There are several types of parallelism that can be used for deep learning training. The two most common are data parallelism and model paralellism.
Data parallelism involves replicating the model across multiple devices (usually multiple GPUs) and then dividing the training data into subsets, with each device processing a different subset of the data. During the forward and backward passes, each device calculates the gradients independently and then communicates the gradients to the other devices. The gradients are then averaged, and the model is updated accordingly. This method is useful to speed up traning, as we can process more data in parallel.
Model parallelism involves dividing the model across multiple devices, with each device responsible for computing a different part of the model. This method is useful when the model architecture is too large to fit onto a single device.
In this tutorial we will use data parallelism.
When training deep learning models on multiple devices, such as multiple GPUs or multiple machines, it is important to understand some key concepts that define the distributed training environment.
- Node: A node refers to a single machine in the distributed training environment and it can have multiple GPUs. When you are using multiple machines for training you call it a multi-node training.
- Master node: The master node is the node that coordinates the distributed training process. It is responsible for initializing the parameters of the model, distributing the data and the model across all nodes, and collecting and aggregating gradients from all nodes.
- Worker node: A worker node is any node in the distributed training environment that is not the master node. Worker nodes are responsible for computing gradients on a subset of the data and sending the gradients to the master node for aggregation and updating the model parameters.
When training a deep learning model using a distributed environment, the training script will create multiple processes. For example, in a data parallel training with 2 nodes of 8 GPUs, considering one process per GPU, you would have 16 processes. Each process would have a replica of the model and would be running on a its respective GPU. To work together, each process needs to know the number of process running the same job (world size). Also, they have identifiers called local rank and rank. The local rank identifies the process order within the node it is running on and the rank identifies the process order among all process from all nodes. These concepts will be further explained in practice throughout this article.
Now that you know these basic concepts, let us put in practice. First, we will setup a machine on AWS.

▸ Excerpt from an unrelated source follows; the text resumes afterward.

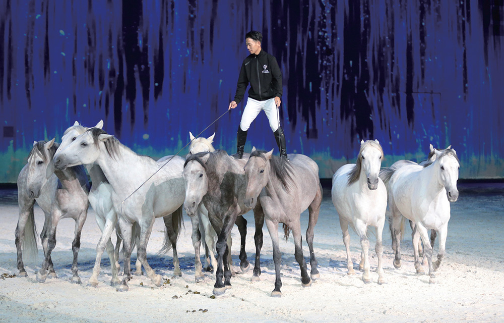 本届马术节开幕式上有一个表演节目让人眼前一亮。帷幕拉开,九匹白马并行,一人立于中间的两匹马上,缓缓进场。待到达场地中间,九匹马并排面向观众站定,人行于马背之上,轻身一跃而下。在他的指引下一匹匹马温顺地跪下,卧倒。不是没有见过这样的表演,只是以往所见的表演者都是欧美面孔,我们国内当下就有能够完成如此自然和谐的人马表演的人,况且他还是一个无师自通的年轻人,让人仿佛看到了一束光,原来在我们的土地上也有通往马术的路。
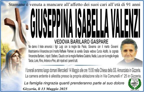 I funerali avranno luogo domani Mercoledì 14 Maggio alle ore 15:00 nella Chiesa della SS. Annunziata in Gizzeria.

- First you go to AWS website and create an account
- Then, after login, you search for EC2 and open it
3. In the EC2 panel you go to Instances →Launch instances
This will open a configuration page to launch a virtual machine instance.
In our example we will use the following image.

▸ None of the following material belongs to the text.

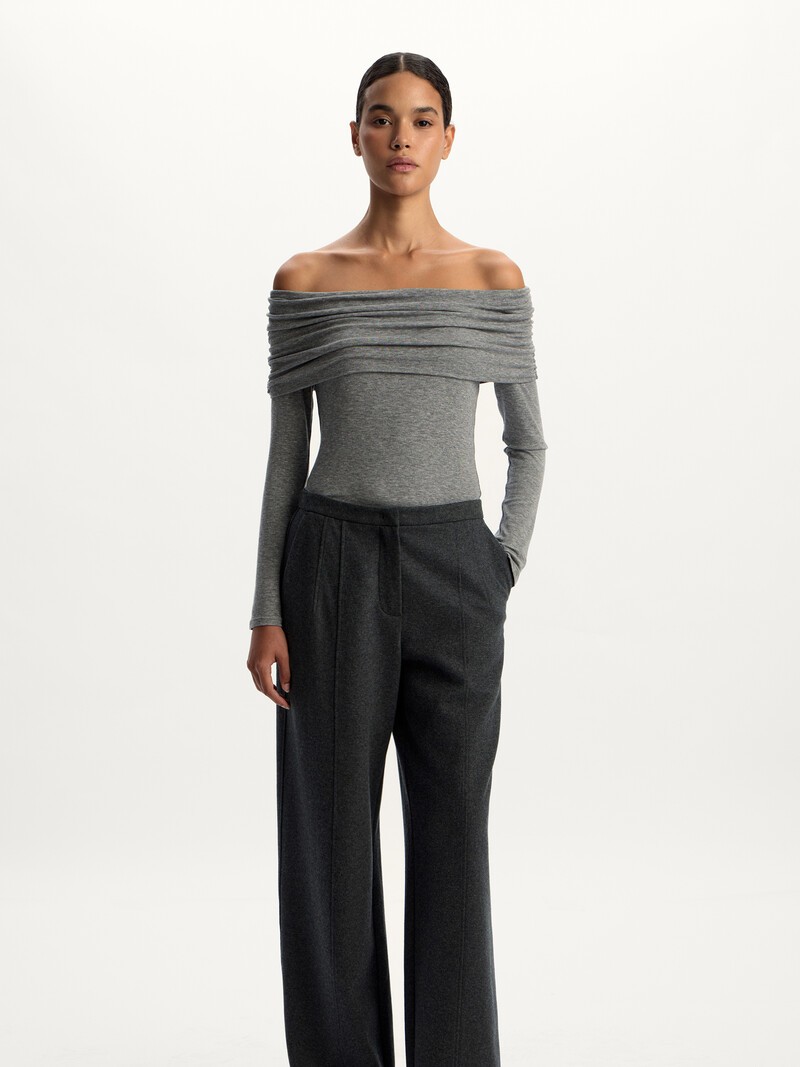 Топ с открытыми плечами: прилегающий силуэт, длинный узкий рукав и широкая драпированная деталь с эластичным верхним краем для комфортной посадки. Выполнен из мягкого трикотажа на основе вискозы, дышащего и сохраняющего тепло благодаря небольшому количеству шерсти в составе. Рекомендуем выбирать белье в тон — пластичный материал может слегка просвечивать. Сделано в Китае.

Also, we will set instance type as g4dn.metal which corresponds to a 8 GPUs machine, each with 16 GiB memory. You can view the instance types that are best suited for your project on https://aws.amazon.com/ec2/instance-types/.web
Select a SSH key (or create a new one). When you create a new key pair, this file will be downloaded. This SSH file will be used to connect to the instance.

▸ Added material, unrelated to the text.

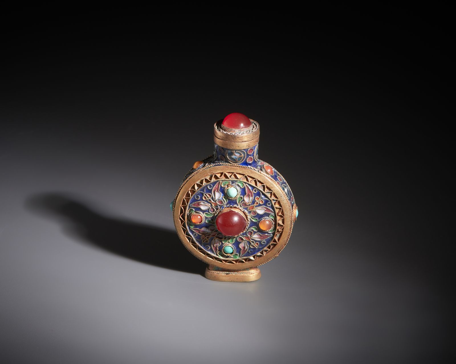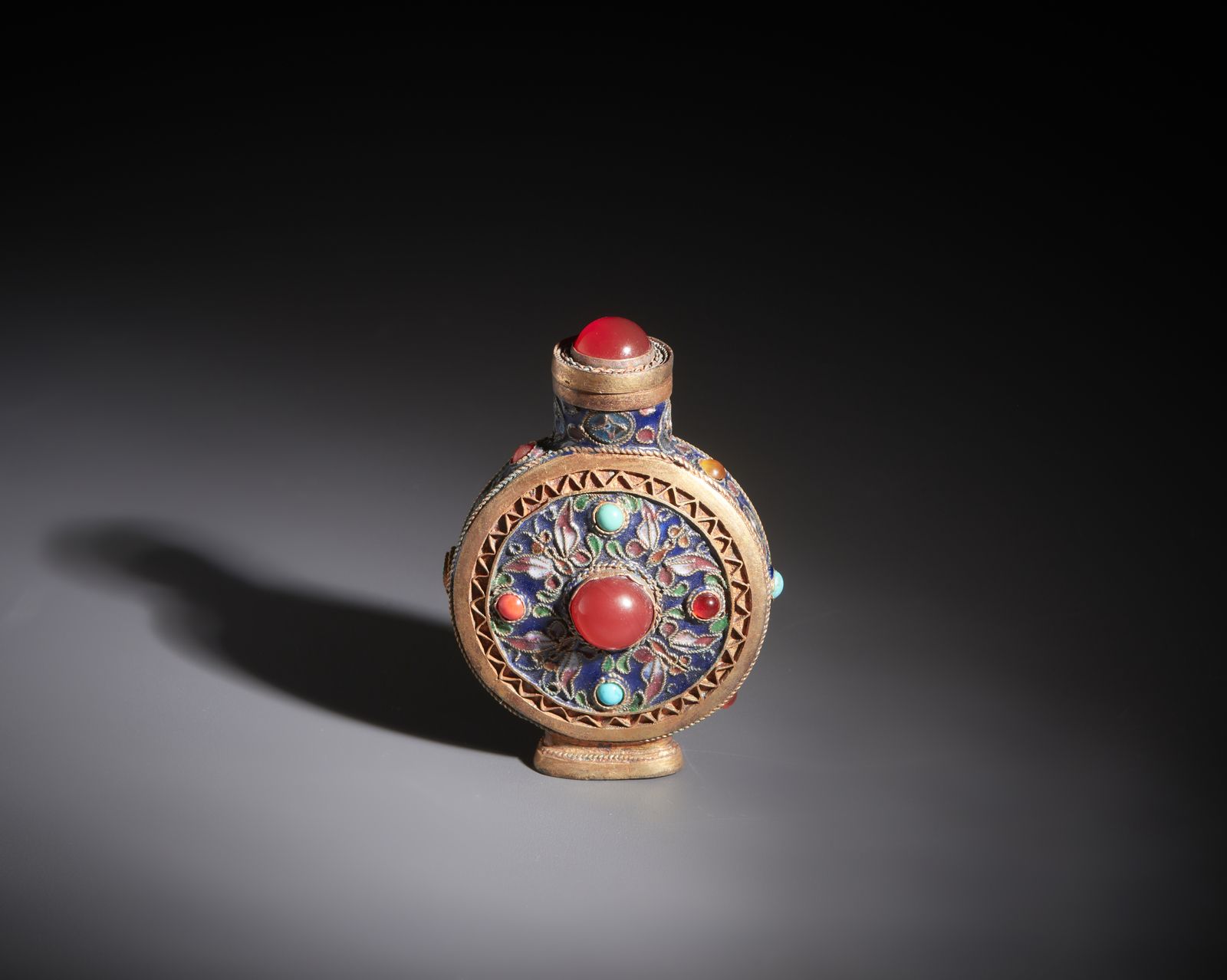 Snuff bottle in metallo dorato decorata con smalti policromi e pietre semipreziose.Cina, [..]

Then we click on Launch instance.
After initialization process is done, you can select the instance and click in Connect.
Then you can follow this steps to connect to the instance in a terminal
chmod 400 keyfilename.pem
ssh -i key.pem ec2-user@ec2-12-345-678-912.us-east-2.compute.amazonaws.com
After that you are connected to the instance.
You can copy files using SCP command in another terminal as follow:
scp -i keyfilename.pem file_to_copy.txt ec2-user@ec2-12-345-678-912.us-east-2.compute.amazonaws.com:/home/ubuntu
Then you can install packages in the instance. In our example we used:
pip3 install torch torchvision torchaudio tqdm
We will start with a single GPU training as the basis code, which will be adapted to multi GPU data parallel training on the next section. In this script, we have a simple training running on the GPU 0.
import torch
import torch.nn as nn
import torch.optim as optim
import torchvision.transforms as transforms
from torchvision.datasets import CIFAR10
from torch.utils.data import DataLoader
from tqdm.auto import tqdm # Define the hyperparameters and data loaders
batch_size = 64
learning_rate = 0.001
num_epochs = 10
train_transform = transforms.Compose([
transforms.RandomHorizontalFlip(),
transforms.ToTensor(),
transforms.Normalize(mean=[0.485, 0.456, 0.406],
std=[0.229, 0.224, 0.225])
])
test_transform = transforms.Compose([
transforms.ToTensor(),
transforms.Normalize(mean=[0.485, 0.456, 0.406],
std=[0.229, 0.224, 0.225])
])
train_dataset = CIFAR10(root='./data', train=True, transform=train_transform, download=True)
train_loader = DataLoader(train_dataset, batch_size=batch_size, shuffle=True)
# Create the model
model = torch.hub.load('pytorch/vision:v0.10.0', 'resnet18', prertained=False)
# Change model head classifier to dataset num_classes
model.fc = nn.Linear(512, 10)
# Move the model to device
model = model.to(0)
# Define the loss function and optimizer
criterion = nn.CrossEntropyLoss()
optimizer = optim.Adam(model.parameters(), lr=learning_rate)
# Train the model
print('Training started')
progress_bar = tqdm(range(num_epochs))
for epoch in range(num_epochs):
running_loss = 0.0
for i, data in enumerate(train_loader):
inputs, labels = data
inputs, labels = inputs.to(0), labels.to(0)
optimizer.zero_grad()
outputs = model(inputs)
loss = criterion(outputs, labels)
loss.backward()
optimizer.step()
running_loss += loss.item()
# Print statistics
progress_bar.update(1)
progress_bar.set_description(f"Epoch {epoch+1}/{num_epochs} train_loss: {running_loss / len(train_loader)}")
running_loss = 0.0
print("Saving model...")
torch.save(model.state_dict(), "model.pth")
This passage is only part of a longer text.